- _Work task_
Print the records below exactly. Omit every picture.

- _Dataset records_

Content starts

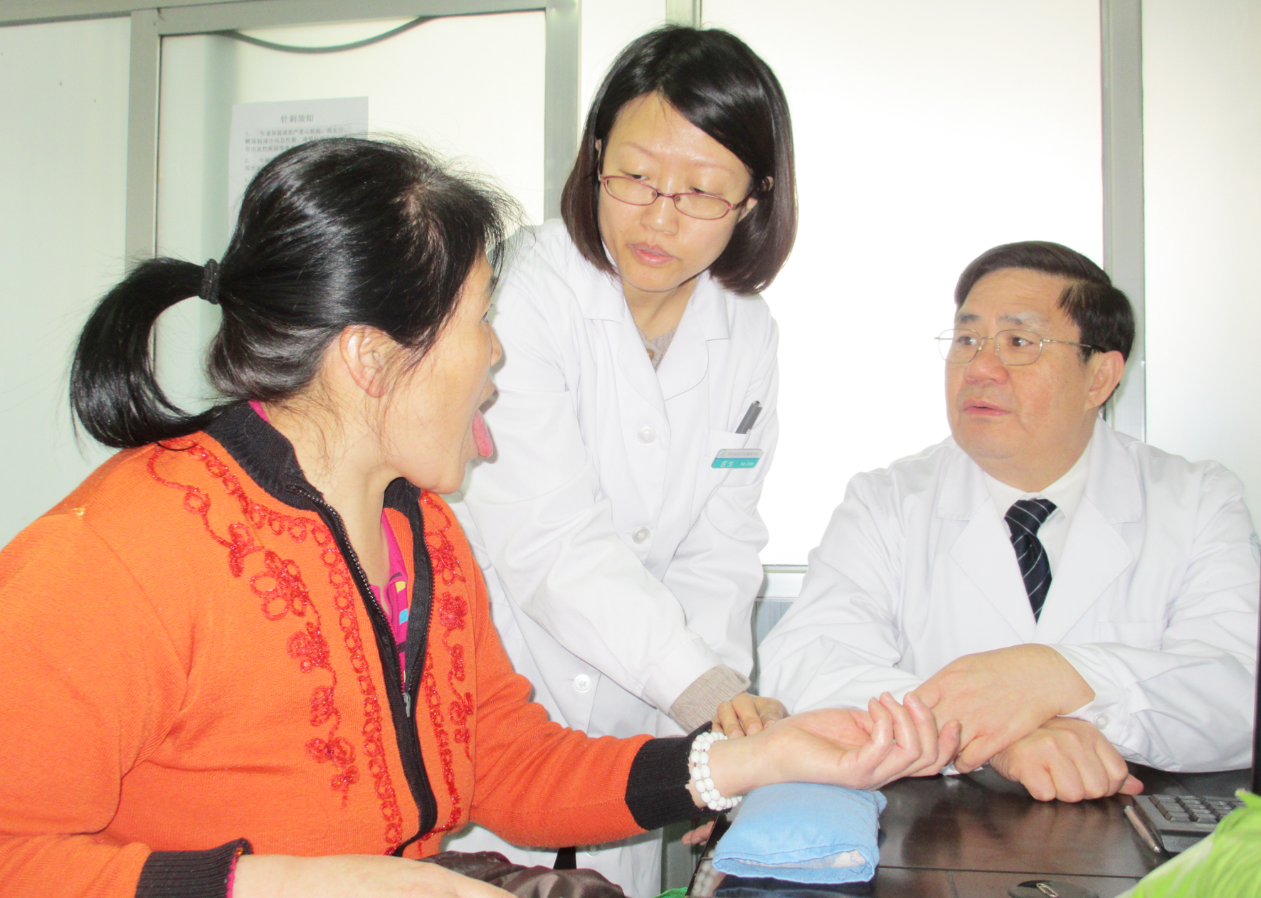 温建民委员(右)指导学生杨春苹(中)给患者号脉看舌象。摄影  本报记者  李木元
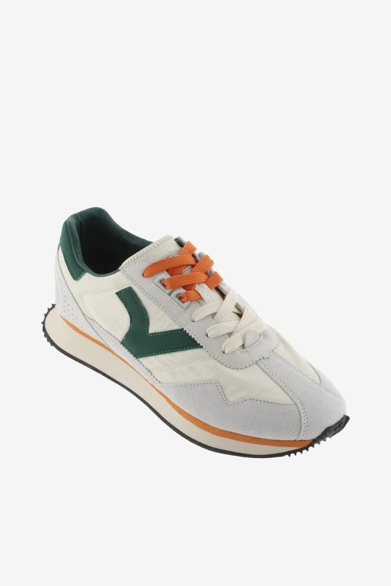 Sneakers da uomo in nylon con inserti sovrapposti in pelle. Logo V di Victoriaย laterale e tallone coordinati, in tinta anche con la fodera interna. Chiusura con doppio laccio: uno tono su tono e l’altro colorato. Suola bicolore in EVA con battistrada dentellato in gomma. Include inoltre una soletta ergonomica che si adatta alla forma del piede, offrendo una sensazione di comfort.
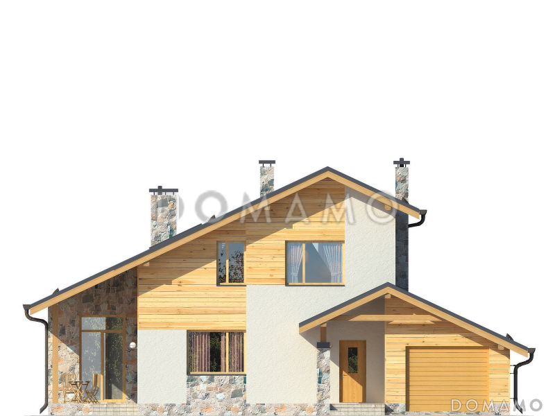 Проект небольшого коттеджа в стиле шотландского минимализма отлично подойдет для проживания в нем семьи из трех – четырех человек. Необычный облик зданию придают его планировка в совокупности со скошенной ассиметричной крышей. Часть здания облицована светлой штукатуркой, часть древесиной и натуральным камнем. На первом этаже расположена просторная гостиная, совмещенная с кухней-столовой, гостевая комната, а также гараж с парковочным местом для одной машины. Мансардный этаж отведен под три спальных комнаты.
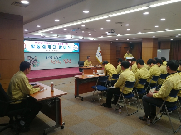 | 김천시(시장 김충섭)는 19일, 2층 회의실에서 내년에 시행할 각종 건설사업의 조기발주와 지역경제 활성화를 위한 “2019년 건설사업 조기발주 합동설계단” 발대식을 가졌다.
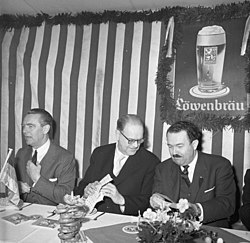 | Es folgt die historische Originalbeschreibung , die das Bundesarchiv aus dokumentarischen Gründen übernommen hat. Diese kann allerdings fehlerhaft, tendenziös, überholt oder politisch extrem sein. Besuch des schwedischen Ministerpräsidenten, Tage Erlander Im Bierzelt München | Dieses Bild wurde im Rahmen einer Kooperation zwischen dem deutschen Bundesarchiv und Wikimedia Deutschland aus dem deutschen Bundesarchiv für Wikimedia Commons zur Verfügung gestellt. Das deutsche Bundesarchiv gewährleistet eine authentische Bildüberlieferung nur durch die Originale (Negative und/oder Positive), bzw. die Digitalisate der Originale im Rahmen des Digitalen Bildarchivs . | Ludwig Wegmann | Datei:Bundesarchiv B 145 Bild-F017607-0011, München, Staatsbesuch Ministerpräsident Schweden.jpg | |
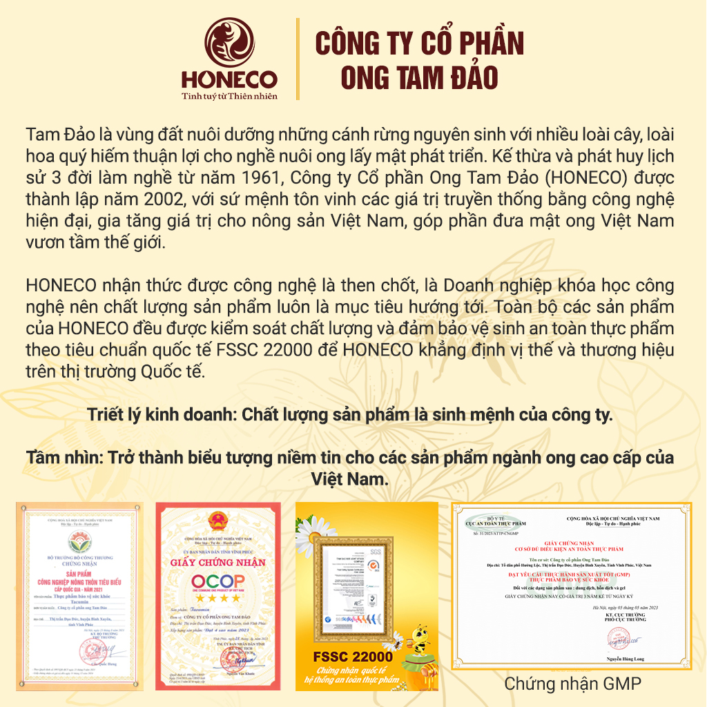 Với hệ thống nhà xưởng đạt chuẩn vệ sinh an toàn thực phẩm FSSC, ứng dụng công nghệ chế biến tiên tiến, đảm bảo thành phần các chất quý có trong mật ong và curcumin được giữ nguyên, ổn định về chất lượng.
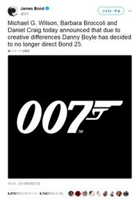これは「007」の公式ツイッターアカウントが「プロデューサーのマイケル・G・ウィルソン、バーバラ・ブロッコリとダニエル・クレイグが、クリエイティブな意見の相違によりダニー・ボイル氏が『Bond 25』の監督を辞退したことを発表しました」とツイートしたことが情報源だ。

Content ends

- _Answer area_
 温建民委员(右)指导学生杨春苹(中)给患者号脉看舌象。摄影  本报记者  李木元
 Sneakers da uomo in nylon con inserti sovrapposti in pelle. Logo V di Victoriaย laterale e tallone coordinati, in tinta anche con la fodera interna. Chiusura con doppio laccio: uno tono su tono e l’altro colorato. Suola bicolore in EVA con battistrada dentellato in gomma. Include inoltre una soletta ergonomica che si adatta alla forma del piede, offrendo una sensazione di comfort.
 Проект небольшого коттеджа в стиле шотландского минимализма отлично подойдет для проживания в нем семьи из трех – четырех человек. Необычный облик зданию придают его планировка в совокупности со скошенной ассиметричной крышей. Часть здания облицована светлой штукатуркой, часть древесиной и натуральным камнем. На первом этаже расположена просторная гостиная, совмещенная с кухней-столовой, гостевая комната, а также гараж с парковочным местом для одной машины. Мансардный этаж отведен под три спальных комнаты.
 | 김천시(시장 김충섭)는 19일, 2층 회의실에서 내년에 시행할 각종 건설사업의 조기발주와 지역경제 활성화를 위한 “2019년 건설사업 조기발주 합동설계단” 발대식을 가졌다.
 | Es folgt die historische Originalbeschreibung , die das Bundesarchiv aus dokumentarischen Gründen übernommen hat. Diese kann allerdings fehlerhaft, tendenziös, überholt oder politisch extrem sein. Besuch des schwedischen Ministerpräsidenten, Tage Erlander Im Bierzelt München | Dieses Bild wurde im Rahmen einer Kooperation zwischen dem deutschen Bundesarchiv und Wikimedia Deutschland aus dem deutschen Bundesarchiv für Wikimedia Commons zur Verfügung gestellt. Das deutsche Bundesarchiv gewährleistet eine authentische Bildüberlieferung nur durch die Originale (Negative und/oder Positive), bzw. die Digitalisate der Originale im Rahmen des Digitalen Bildarchivs . | Ludwig Wegmann | Datei:Bundesarchiv B 145 Bild-F017607-0011, München, Staatsbesuch Ministerpräsident Schweden.jpg | |
 Với hệ thống nhà xưởng đạt chuẩn vệ sinh an toàn thực phẩm FSSC, ứng dụng công nghệ chế biến tiên tiến, đảm bảo thành phần các chất quý có trong mật ong và curcumin được giữ nguyên, ổn định về chất lượng.
これは「007」の公式ツイッターアカウントが「プロデューサーのマイケル・G・ウィルソン、バーバラ・ブロッコリとダニエル・クレイグが、クリエイティブな意見の相違によりダニー・ボイル氏が『Bond 25』の監督を辞退したことを発表しました」とツイートしたことが情報源だ。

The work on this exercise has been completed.